#### WHAT IS BEING ASKED
Copy the data precisely, character for character, and leave out every picture.

#### DATA EXCERPT
══════

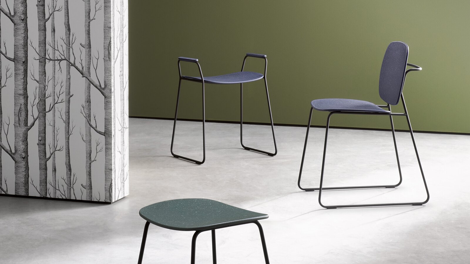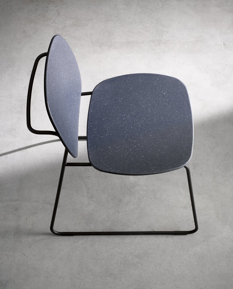 Susan Herrmann: Unsere Re-Sitzfamilie basiert auf einem filigranen Rundrohr-Design aus Metall, das wahlweise schwarz pulverbeschichtet oder hochglänzend verchromt ist. Die Sitz- und Rückenflächen sowie Armlehnen bestehen bei der Re-Sitzfamilie wie bereits gesagt aus dem Post-Industrial Rezyklat, das jedes Badmöbel zu einem Unikat macht und die größte Besonderheit der Produkte darstellt.
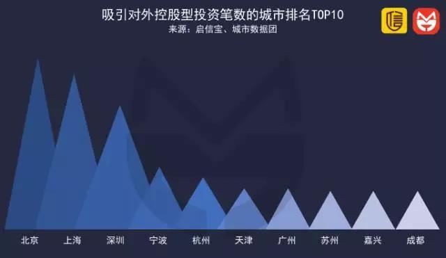 可以看到,吸引外来控股型投资笔数最多的前三名的仍然是北上深。相比投资排名,宁波跃迁至第四名,超过了杭州。而广州则再下降了两个名次。
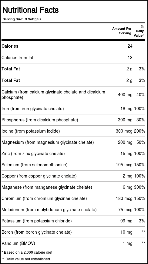 Carlson Labs Liquid Multiple Minerals provide a wide range of minerals from Calcium to Vandium in each serving.
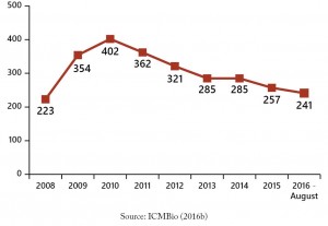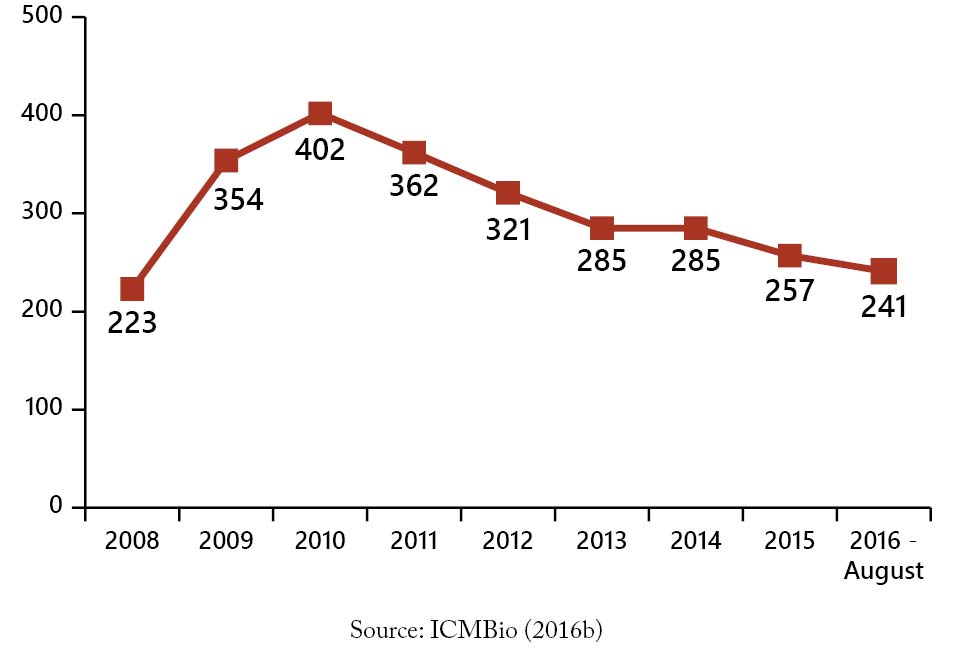 Figure 33. Number of environmental analysts from ICMBio stationed in the Legal Amazon between 2008 and August 2016

══════

#### EXERCISE SOLUTION
 Susan Herrmann: Unsere Re-Sitzfamilie basiert auf einem filigranen Rundrohr-Design aus Metall, das wahlweise schwarz pulverbeschichtet oder hochglänzend verchromt ist. Die Sitz- und Rückenflächen sowie Armlehnen bestehen bei der Re-Sitzfamilie wie bereits gesagt aus dem Post-Industrial Rezyklat, das jedes Badmöbel zu einem Unikat macht und die größte Besonderheit der Produkte darstellt.
 可以看到,吸引外来控股型投资笔数最多的前三名的仍然是北上深。相比投资排名,宁波跃迁至第四名,超过了杭州。而广州则再下降了两个名次。
 Carlson Labs Liquid Multiple Minerals provide a wide range of minerals from Calcium to Vandium in each serving.
 Figure 33. Number of environmental analysts from ICMBio stationed in the Legal Amazon between 2008 and August 2016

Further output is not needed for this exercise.